Esta perspectiva nos conduce a la discusión sobre el llamado “paternalismo”, sea jurídico o sea moral.

Antes de pasar a ese tema es conveniente apuntar al menos una de las críticas que se le hacen al principio de daño tal como lo entiende Mill. La noción de “daño”, se dice, es un concepto que no se puede definir a priori, sino que requiere de una fundamentación o justificación[6]: ¿cuándo y porqué entendemos que cierta conducta causa un daño?

La fundamentación o justificación del daño debe partir de concepciones morales, por lo que se corre el riesgo de devolver la pelota al campo de la moral social predominante, que es precisamente de lo que quería escapar Mill. En principio podríamos salvar en parte este problema aceptando que el daño debe ser un daño “jurídicamente” determinado, lo que excluye la posibilidad de entender como causante de daño a conductas contrarias simplemente a convicciones morales o religiosas (el concepto de delito excluye a la calificación como tales de los pecados, por mencionar un ejemplo).

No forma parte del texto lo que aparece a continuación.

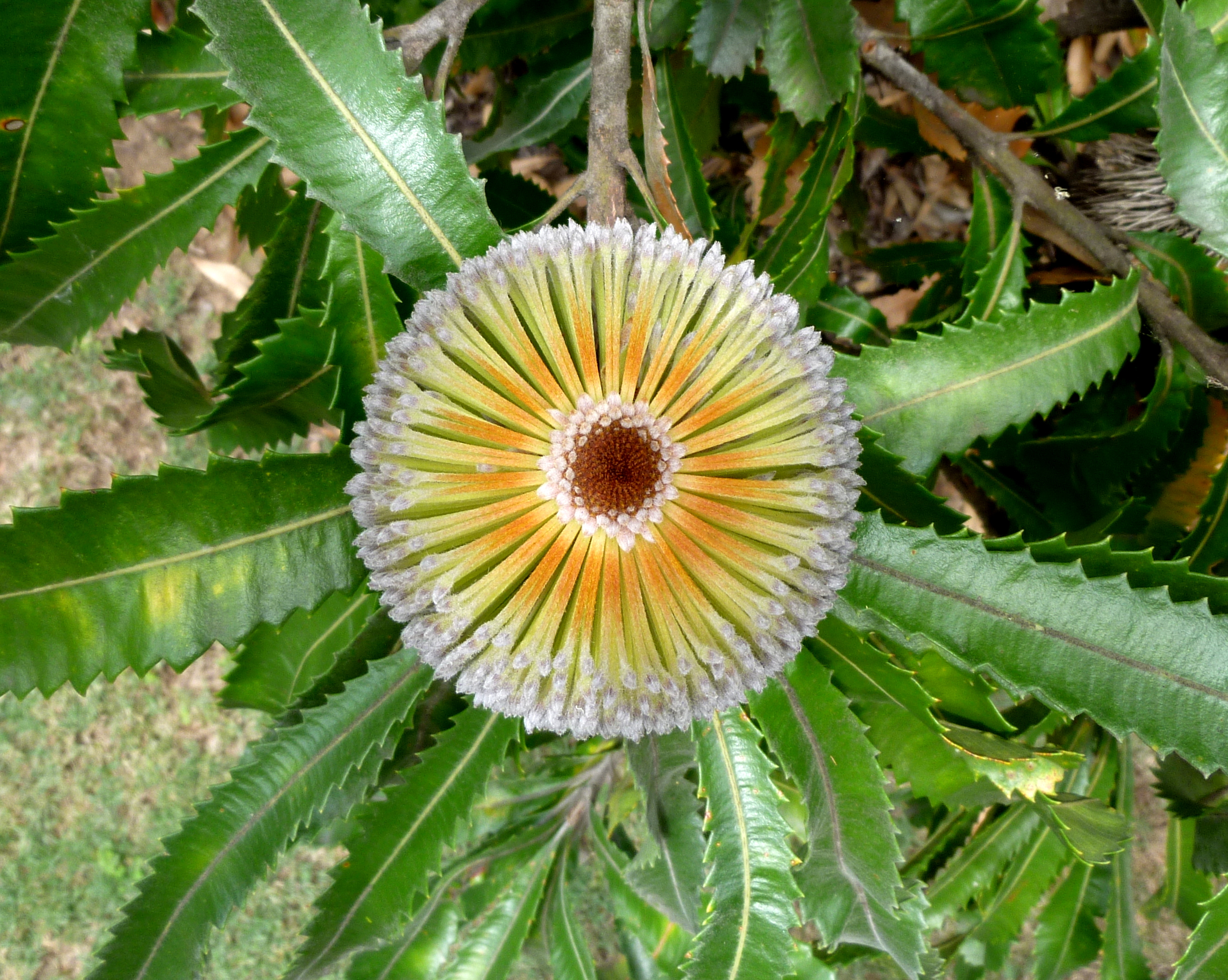 Banksia sp from above

Otra observación crítica que se le hace al principio de daño es que se centra solamente en el valor de la individualidad (o de la autonomía), cuando pueden existir otros valores socialmente e individualmente relevantes que justifiquen una limitación de aquella. Por ejemplo la felicidad individual o colectiva, la protección de la fe religiosa, etcétera. La respuesta a estos argumentos es relativamente sencilla, aunque quizá un tanto auto-referente: la protección de la individualidad y de la autonomía viene antes sencillamente porque sin ellas no es posible aspirar a construir, desde la libertad y con justicia, ningún otro tipo de valores. Sin autonomía personal no puede existir una verdadera profesión de la fe, ni hay mucho margen para encontrar la felicidad, la cual no puede ser impuesta por terceros, sino perseguida tenaz e indefectiblemente por cada persona en lo individual, a partir de existencias y experiencias únicas e irrepetibles.

Paternalismo.

Para el liberalismo, a partir de los postulados de Mill, la autonomía de la persona entendida como valor socialmente compartido no puede permitir que el Estado determine cuáles son las formas de vida que merecen la pena y cuáles no[7]. Pero, ¿lo anterior significa que el Estado debe respetar cualquier plan de vida? Incluso los ultra-liberales aceptan que el Estado puede limitar la libertad a través de normas jurídicas, partiendo de la base o tomando en cuenta el principio de daño al que ya hemos hecho referencia: somos libres para llevar a cabo una conducta siempre que esa conducta no dañe a los demás; de hecho, el principio de daño tendría que estar en la cúspide del ordenamiento jurídico, de forma tal que rigiera la actuación de todos los poderes constituidos y el contenido de todas las normas infra-constitucionales. Carlos S. Nino explica la adopción en el ámbito constitucional del principio de daño como criterio rector para limitar la autonomía con las siguientes palabras:

“Una Constitución tiene por fin institucionalizar la deliberación pública por medio de la cual la respectiva sociedad establece los principios morales intersubjetivos sobre la base de los cuales deben resolverse los conflictos entre sus miembros y organizarse su cooperación. Dado que la deliberación pública está basada en el valor de la autonomía él debe ser reconocido por tal Constitución. El reconocimiento debe comprender el carácter irrestricto del valor de la libre elección de ideales personales y planes de vida, lo que implica la adopción del principio de daño, según el cual una acción no puede ser interferida por el Estado o por otros individuos si no causa daño a terceros. También la Constitución debe reconocer el valor de la individualidad, que no está sujeta a grados ni, por supuesto, a ninguna propiedad empírica (raza, nacionalidad, sexo) o valorativa (religión, ideología) que no fundamente la identidad de los seres humanos y que implica que no hay razón para restringir la autonomía de un individuo en beneficio de una mayor autonomía de otro individuo. Asimismo, la posibilidad de que haya normas justificadas que hagan del consentimiento de los individuos una condición de consecuencias restrictivas de la propia autonomía debe ser reconocida por la Constitución”[8].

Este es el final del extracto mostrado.